_Supplied material_
--------------------------------------------------

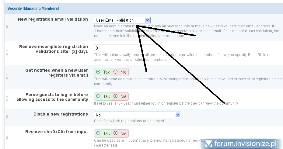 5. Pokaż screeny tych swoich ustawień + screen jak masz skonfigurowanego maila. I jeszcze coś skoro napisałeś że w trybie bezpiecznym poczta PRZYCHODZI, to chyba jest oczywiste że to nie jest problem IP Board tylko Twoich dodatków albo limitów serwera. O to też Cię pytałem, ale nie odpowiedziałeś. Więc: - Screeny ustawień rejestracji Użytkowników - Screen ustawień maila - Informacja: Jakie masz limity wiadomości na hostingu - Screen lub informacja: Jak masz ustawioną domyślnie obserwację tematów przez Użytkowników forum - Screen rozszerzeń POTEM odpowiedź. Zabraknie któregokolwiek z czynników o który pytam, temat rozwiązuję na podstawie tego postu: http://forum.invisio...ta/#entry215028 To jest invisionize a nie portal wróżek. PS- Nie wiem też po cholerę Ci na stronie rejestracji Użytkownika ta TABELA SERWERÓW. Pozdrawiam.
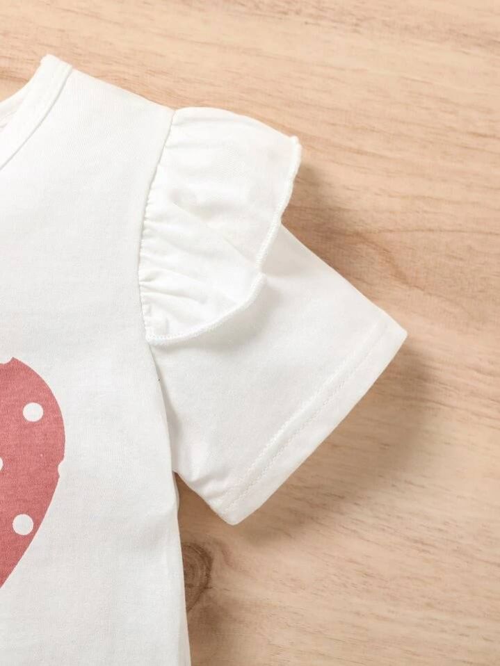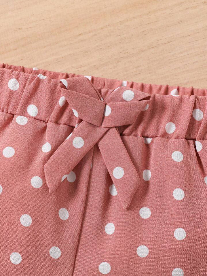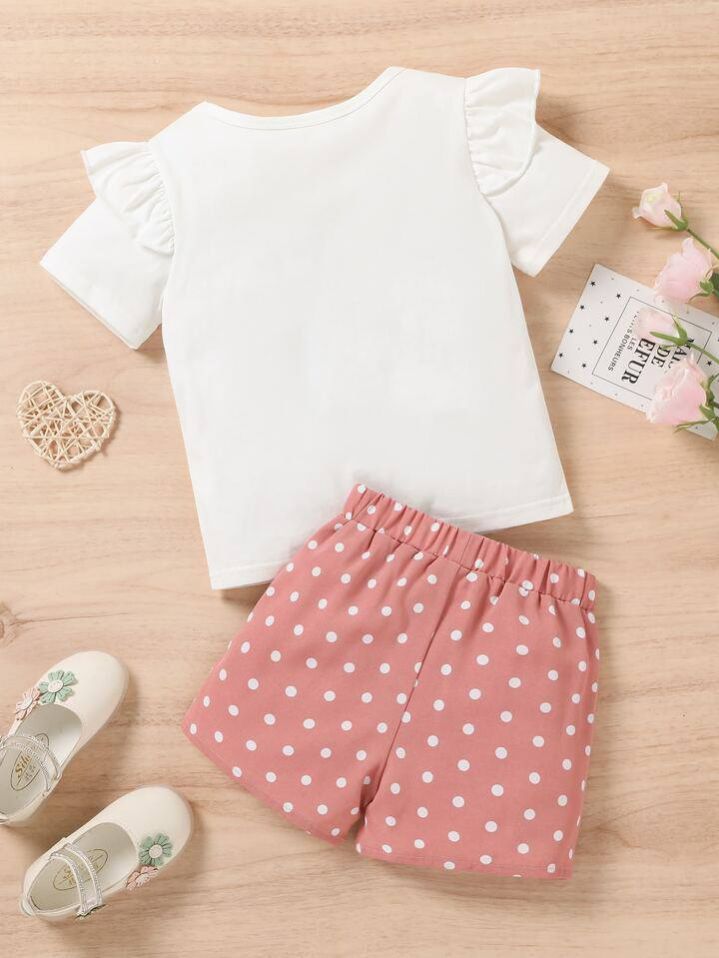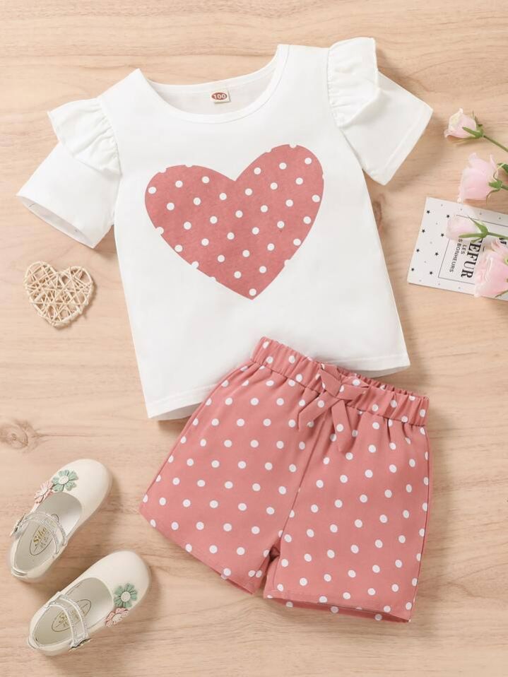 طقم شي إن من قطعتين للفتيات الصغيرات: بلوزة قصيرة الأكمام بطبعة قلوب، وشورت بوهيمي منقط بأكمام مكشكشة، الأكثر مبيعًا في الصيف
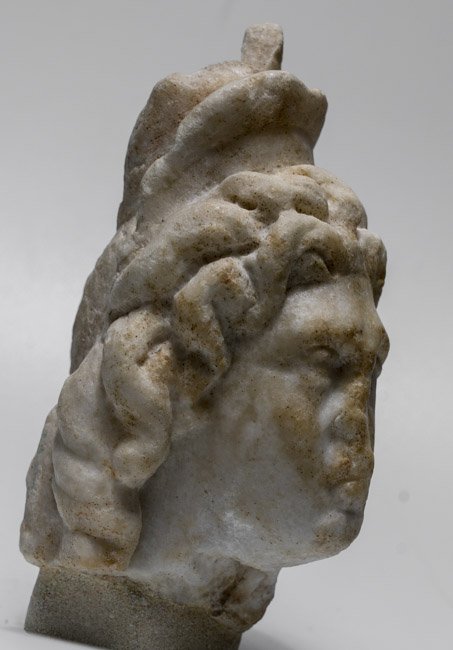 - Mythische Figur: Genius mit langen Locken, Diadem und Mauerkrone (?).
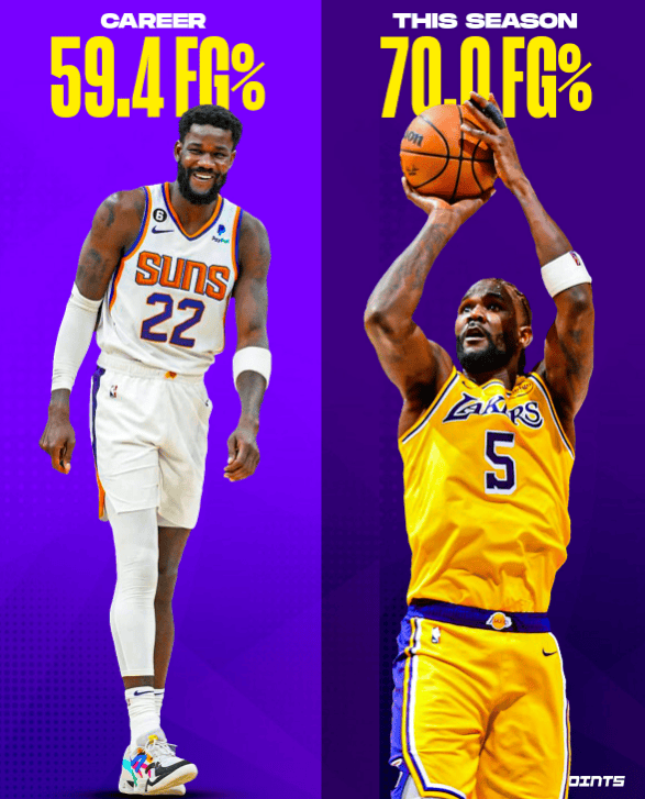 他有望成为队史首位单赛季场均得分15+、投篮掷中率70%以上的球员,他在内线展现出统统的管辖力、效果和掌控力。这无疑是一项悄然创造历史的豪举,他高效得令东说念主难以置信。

--------------------------------------------------

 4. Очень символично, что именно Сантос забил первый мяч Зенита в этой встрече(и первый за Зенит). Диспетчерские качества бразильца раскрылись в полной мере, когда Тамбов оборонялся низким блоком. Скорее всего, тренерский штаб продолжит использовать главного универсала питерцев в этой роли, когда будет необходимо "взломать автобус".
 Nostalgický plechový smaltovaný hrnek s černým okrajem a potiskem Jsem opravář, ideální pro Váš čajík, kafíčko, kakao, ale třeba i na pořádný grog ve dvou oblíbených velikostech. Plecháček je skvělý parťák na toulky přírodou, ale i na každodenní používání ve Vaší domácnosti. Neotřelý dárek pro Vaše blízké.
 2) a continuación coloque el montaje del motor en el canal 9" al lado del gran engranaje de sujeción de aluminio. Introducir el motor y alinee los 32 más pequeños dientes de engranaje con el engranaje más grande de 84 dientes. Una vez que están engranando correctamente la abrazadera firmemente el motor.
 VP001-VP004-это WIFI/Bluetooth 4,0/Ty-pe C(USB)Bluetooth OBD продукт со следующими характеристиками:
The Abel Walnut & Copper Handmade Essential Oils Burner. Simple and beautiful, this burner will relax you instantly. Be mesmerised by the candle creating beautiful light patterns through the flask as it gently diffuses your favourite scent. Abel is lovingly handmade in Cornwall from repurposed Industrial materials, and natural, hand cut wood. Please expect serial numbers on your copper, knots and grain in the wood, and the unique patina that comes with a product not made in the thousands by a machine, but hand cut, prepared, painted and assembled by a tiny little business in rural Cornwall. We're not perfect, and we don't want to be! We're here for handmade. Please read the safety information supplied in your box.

--------------------------------------------------

_Task goal_
For this exercise, please set down exactly the lines of the listing above from the line with "5. Pokaż screeny" up to and including the line with "他有望成为队史首位单赛季场均", and no pictures.

_Reply_
 5. Pokaż screeny tych swoich ustawień + screen jak masz skonfigurowanego maila. I jeszcze coś skoro napisałeś że w trybie bezpiecznym poczta PRZYCHODZI, to chyba jest oczywiste że to nie jest problem IP Board tylko Twoich dodatków albo limitów serwera. O to też Cię pytałem, ale nie odpowiedziałeś. Więc: - Screeny ustawień rejestracji Użytkowników - Screen ustawień maila - Informacja: Jakie masz limity wiadomości na hostingu - Screen lub informacja: Jak masz ustawioną domyślnie obserwację tematów przez Użytkowników forum - Screen rozszerzeń POTEM odpowiedź. Zabraknie któregokolwiek z czynników o który pytam, temat rozwiązuję na podstawie tego postu: http://forum.invisio...ta/#entry215028 To jest invisionize a nie portal wróżek. PS- Nie wiem też po cholerę Ci na stronie rejestracji Użytkownika ta TABELA SERWERÓW. Pozdrawiam.
 طقم شي إن من قطعتين للفتيات الصغيرات: بلوزة قصيرة الأكمام بطبعة قلوب، وشورت بوهيمي منقط بأكمام مكشكشة، الأكثر مبيعًا في الصيف
 - Mythische Figur: Genius mit langen Locken, Diadem und Mauerkrone (?).
 他有望成为队史首位单赛季场均得分15+、投篮掷中率70%以上的球员,他在内线展现出统统的管辖力、效果和掌控力。这无疑是一项悄然创造历史的豪举,他高效得令东说念主难以置信。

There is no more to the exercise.